=== Records to process ===

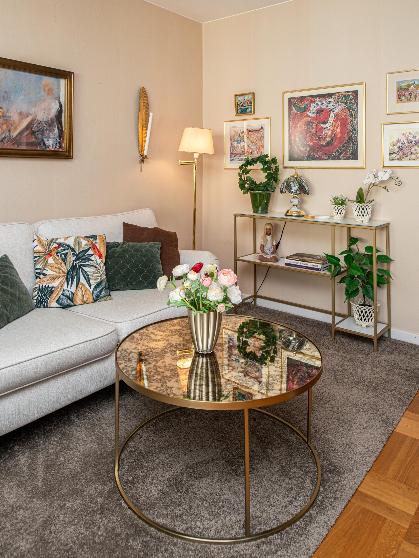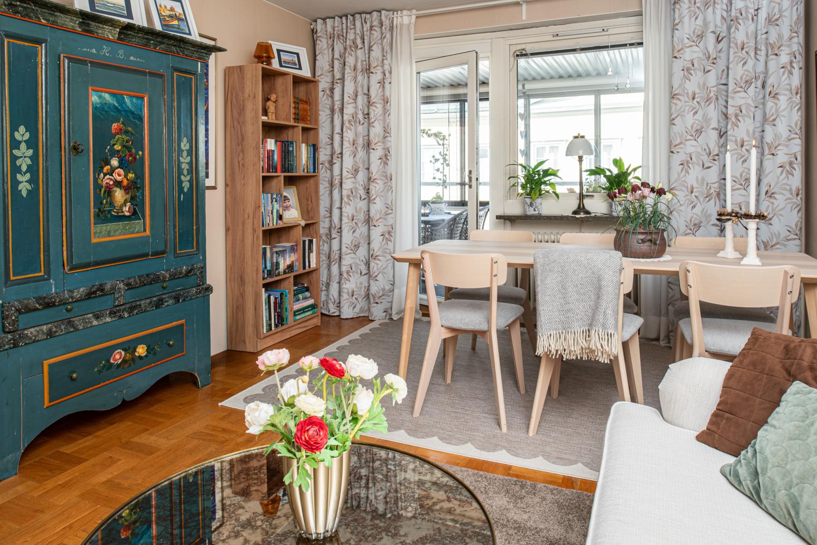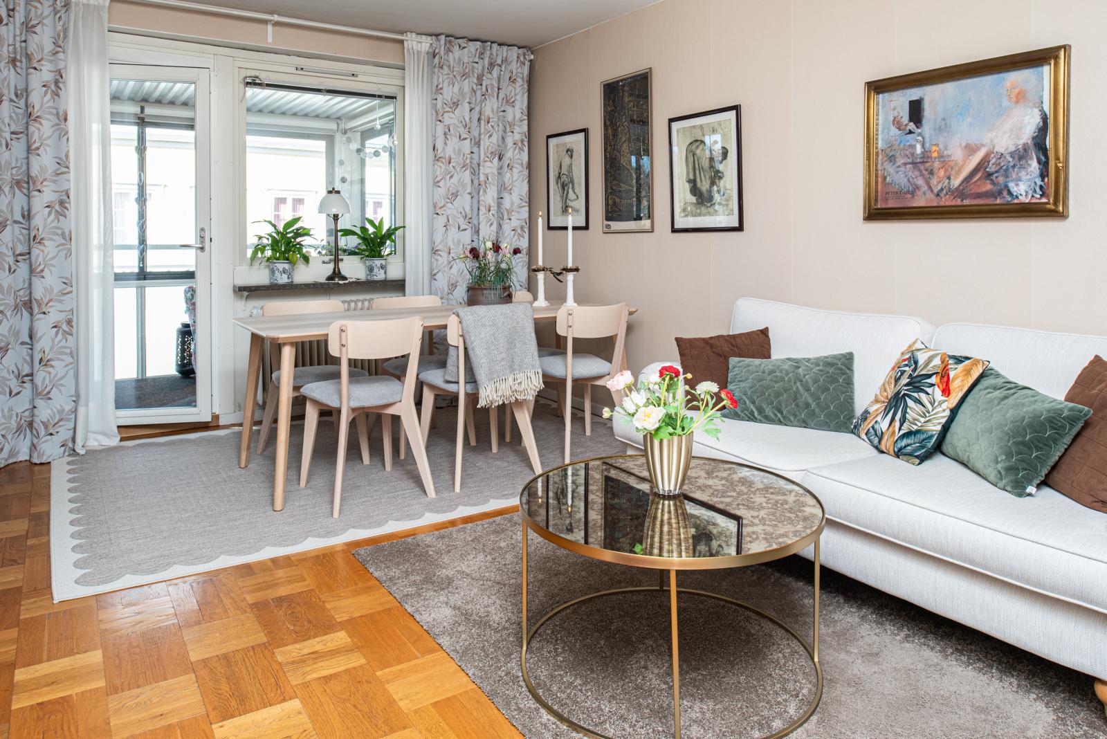 Intill köket finns det första sovrummet som även det har fina ytskikt, detta rummet är lite mindre än det andra sovrummet. Sovrum nummer två är ett stort och fint sovrum med flera garderober. Mittemot detta sovrum ligger vardagsrummet som har ett fint parkettgolv och rummet har ett fint ljusinsläpp. Här går du även ut på den inglasade balkongen som rymmer både matbord, soffgrupp och planteringar.
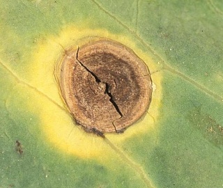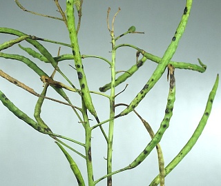 Грибы рода Alternaria (A.brassicae (А. brassicicola)) вызывают черную пятнистость рапса. Заболевание можно обнаружить во вторую половину вегетации при наступлении влажных погодных условий. Черная пятнистость развивается на всех надземных органах растения (листьях, стеблях и стручках). На листьях пятна сначала мелкие темные, затем разрастаются, становятся серо-коричневые с хорошо заметными концентрическими кольцами, что придает им вид мишени. Часто пятна окружены желтым кольцом (хлорозом). Центр их становится ломким, ткань разрывается. Пятна могут сливаться и покрывать весь лист. Обычно возбудитель заражает нижние более старые листья. На стеблях пятна удлиненные темно-коричневые до черного резко очерченные. На стручках пятна овальные или округлые концентрические, черные. При влажной погоде стручки преждевременно растрескиваются.
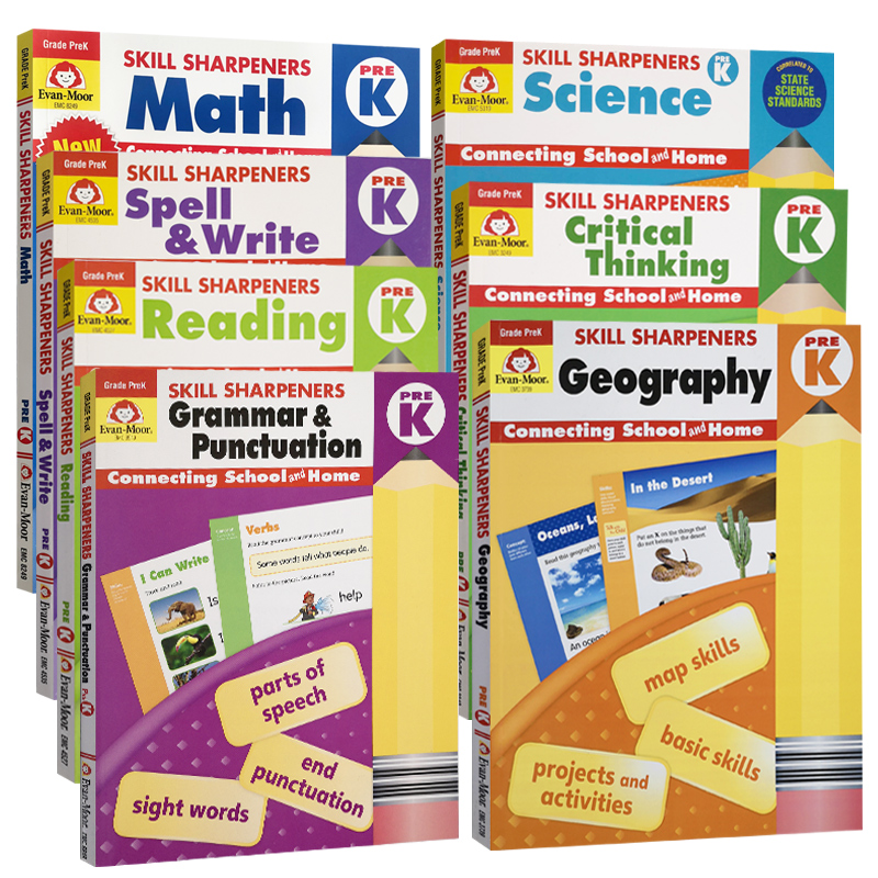 天猫Evan-Moor Skill Sharpeners Grade PreK Set. 技能铅笔刀 幼儿园到小中班 全7科目原版套装拼写数学科学语法地理少儿启蒙儿童英语
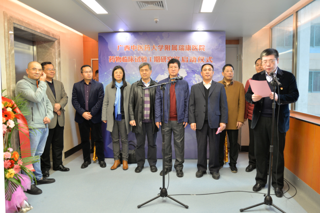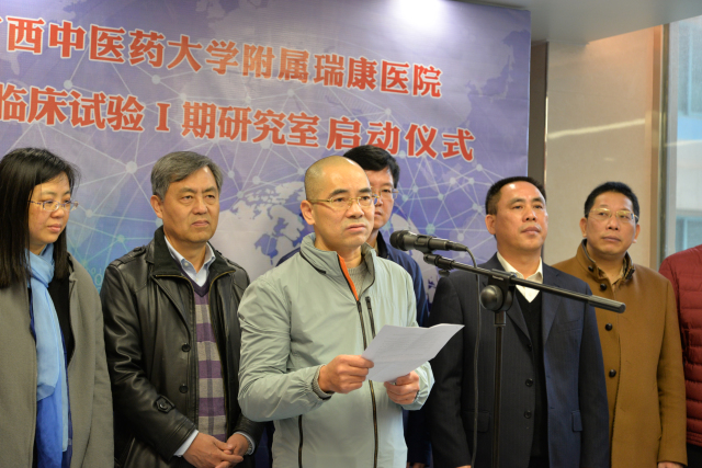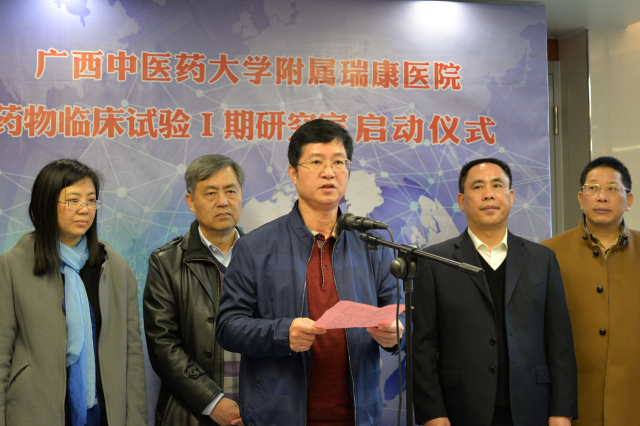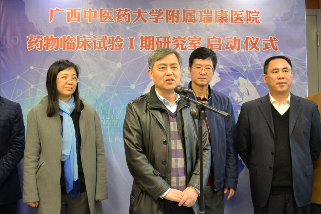 自治区食品药品监督管理局注册处黄祥远处长在讲话中指出,药品关系人身健康和生命安全,药品安全责任重于泰山。新药的研究开发关键环节就是药物临床试验,而I期药物临床试验是新药研究的非常重要的环节。药物临床试验肩负着药品有效性与安全性的重任。目前我国已批准1.5万个药品品种,16.8万个批准文号,主要以仿制药为主。为提高仿制药质量标准,我国目前对已上市仿制药分批开展一致性评价,逐步解决已上市药品的质量问题。明确289个口服基药品种必须在2018年底前完成一致性评价。单靠现有的数十家I期临床试验机构开展BE试验,一致性评价将无法按期完成,BE试验机构与BE的供需矛盾短期内仍十分突出。广西中医药大学附属瑞康医院积极响应国家层面的需求,以仿制药一致性评价、生物等效性研究为抓手,建设I期临床试验研究室,将有助于缓解广西及全国一致性评价的压力,有利于降低医药总费开支,提高国产仿制药竞争力。同时借助临床药物试验平台争取有朝一日发展成为新医疗技术、新药品、新医疗器械的转化中心。希望瑞康医院在临床试验过程中严格执行GCP有关要求,以实际行动落实“四个最严”的标准,通过在试验管理、规范性等方面全面加强能力建设,保护受试者的权益、严控试验风险,严抓项目质量、不断学习提升水平,创建GCP品牌。
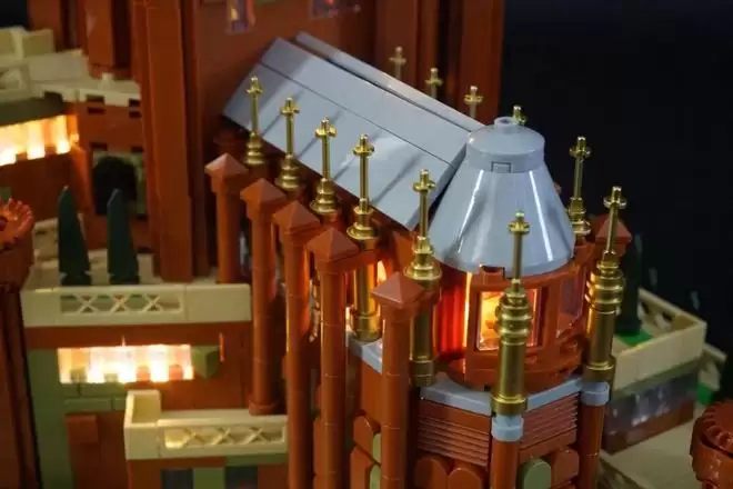 不考虑和海洋的位置关系,本作还原了红堡建筑群的主体部分。拼砌的时候,脑海中还能回想起权游每集开始时的BGM。玩具 的拼法和用砖都相当传统,都是积木微缩建筑常用的手法。 底盘比较稳定,正常托举移动不会散架。照明系统好歹也是专门设计过的,比直接给几个通用的发光件还是强不少的。考虑到题材的稀缺性,有兴趣的朋友可以关注。
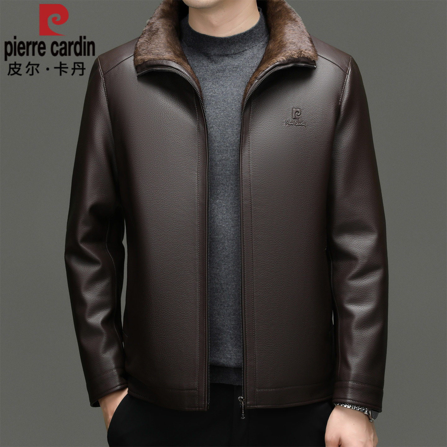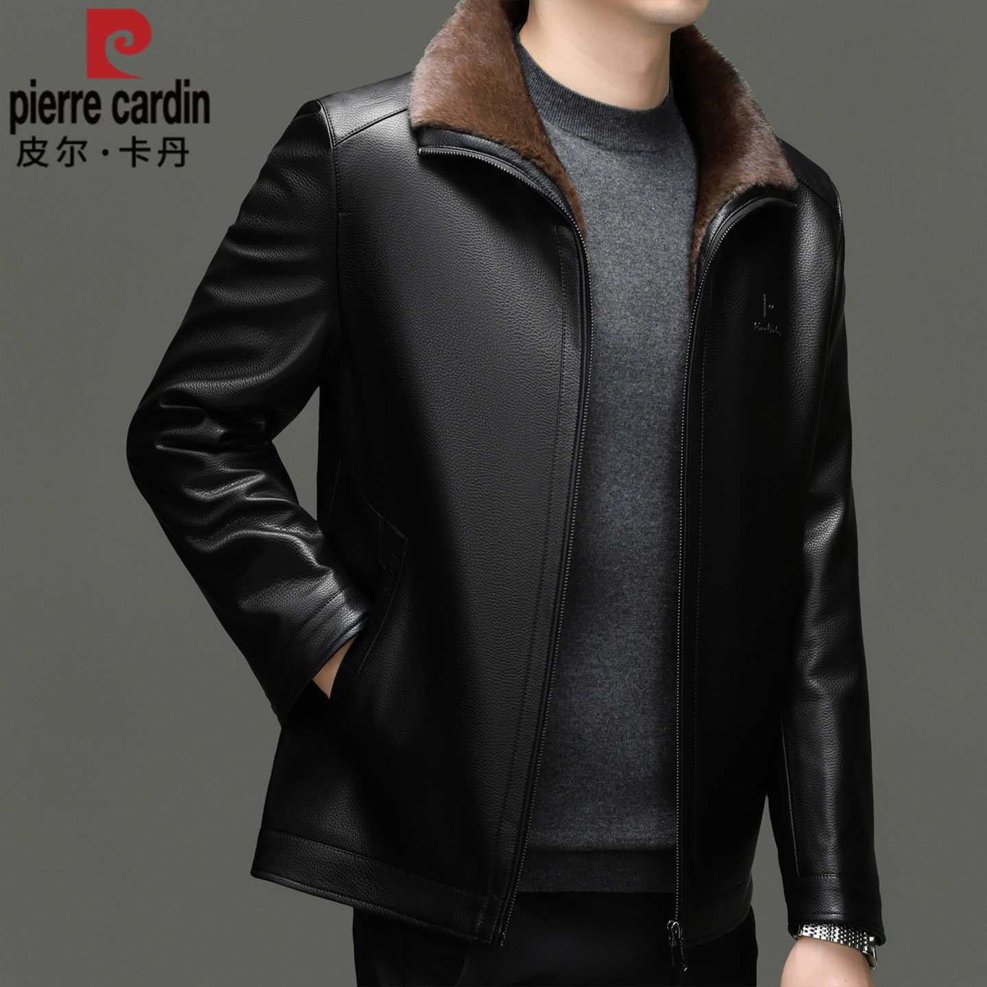 皮尔卡丹皮衣男真皮冬季加绒加厚保暖皮毛一体海宁羊皮中年外套
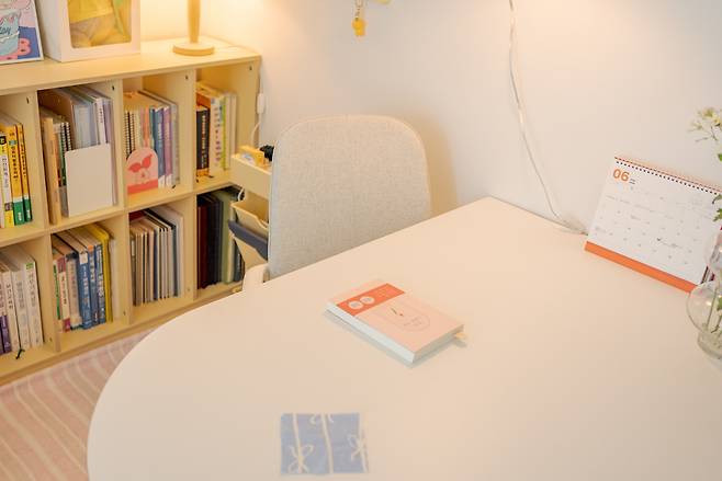먼저 책상 공간을 소개해 드릴게요. 우선 바닥 시공을 따로 진행하지 않았기 때문에 아래에는 분홍색 스트라이프 패턴의 러그를 깔아 콘셉트에 맞게 톤을 잡아주고 공간을 분리해 주었습니다. 이전에는 베란다 창을 바라보고 책상을 사용했었는데 조명을 등지다 보니 공부할 때 조금 어둡기도 하고 답답한 느낌이 들었다고 해요. 그래서 이번에는 책상이 앞을 바라보게끔 배치해 주었는데요.

===

(What the exercise asks) Transcribe the material above in full. No picture is to be copied.

(Expected output)
 Intill köket finns det första sovrummet som även det har fina ytskikt, detta rummet är lite mindre än det andra sovrummet. Sovrum nummer två är ett stort och fint sovrum med flera garderober. Mittemot detta sovrum ligger vardagsrummet som har ett fint parkettgolv och rummet har ett fint ljusinsläpp. Här går du även ut på den inglasade balkongen som rymmer både matbord, soffgrupp och planteringar.
 Грибы рода Alternaria (A.brassicae (А. brassicicola)) вызывают черную пятнистость рапса. Заболевание можно обнаружить во вторую половину вегетации при наступлении влажных погодных условий. Черная пятнистость развивается на всех надземных органах растения (листьях, стеблях и стручках). На листьях пятна сначала мелкие темные, затем разрастаются, становятся серо-коричневые с хорошо заметными концентрическими кольцами, что придает им вид мишени. Часто пятна окружены желтым кольцом (хлорозом). Центр их становится ломким, ткань разрывается. Пятна могут сливаться и покрывать весь лист. Обычно возбудитель заражает нижние более старые листья. На стеблях пятна удлиненные темно-коричневые до черного резко очерченные. На стручках пятна овальные или округлые концентрические, черные. При влажной погоде стручки преждевременно растрескиваются.
 天猫Evan-Moor Skill Sharpeners Grade PreK Set. 技能铅笔刀 幼儿园到小中班 全7科目原版套装拼写数学科学语法地理少儿启蒙儿童英语
 自治区食品药品监督管理局注册处黄祥远处长在讲话中指出,药品关系人身健康和生命安全,药品安全责任重于泰山。新药的研究开发关键环节就是药物临床试验,而I期药物临床试验是新药研究的非常重要的环节。药物临床试验肩负着药品有效性与安全性的重任。目前我国已批准1.5万个药品品种,16.8万个批准文号,主要以仿制药为主。为提高仿制药质量标准,我国目前对已上市仿制药分批开展一致性评价,逐步解决已上市药品的质量问题。明确289个口服基药品种必须在2018年底前完成一致性评价。单靠现有的数十家I期临床试验机构开展BE试验,一致性评价将无法按期完成,BE试验机构与BE的供需矛盾短期内仍十分突出。广西中医药大学附属瑞康医院积极响应国家层面的需求,以仿制药一致性评价、生物等效性研究为抓手,建设I期临床试验研究室,将有助于缓解广西及全国一致性评价的压力,有利于降低医药总费开支,提高国产仿制药竞争力。同时借助临床药物试验平台争取有朝一日发展成为新医疗技术、新药品、新医疗器械的转化中心。希望瑞康医院在临床试验过程中严格执行GCP有关要求,以实际行动落实“四个最严”的标准,通过在试验管理、规范性等方面全面加强能力建设,保护受试者的权益、严控试验风险,严抓项目质量、不断学习提升水平,创建GCP品牌。
 不考虑和海洋的位置关系,本作还原了红堡建筑群的主体部分。拼砌的时候,脑海中还能回想起权游每集开始时的BGM。玩具 的拼法和用砖都相当传统,都是积木微缩建筑常用的手法。 底盘比较稳定,正常托举移动不会散架。照明系统好歹也是专门设计过的,比直接给几个通用的发光件还是强不少的。考虑到题材的稀缺性,有兴趣的朋友可以关注。
 皮尔卡丹皮衣男真皮冬季加绒加厚保暖皮毛一体海宁羊皮中年外套
먼저 책상 공간을 소개해 드릴게요. 우선 바닥 시공을 따로 진행하지 않았기 때문에 아래에는 분홍색 스트라이프 패턴의 러그를 깔아 콘셉트에 맞게 톤을 잡아주고 공간을 분리해 주었습니다. 이전에는 베란다 창을 바라보고 책상을 사용했었는데 조명을 등지다 보니 공부할 때 조금 어둡기도 하고 답답한 느낌이 들었다고 해요. 그래서 이번에는 책상이 앞을 바라보게끔 배치해 주었는데요.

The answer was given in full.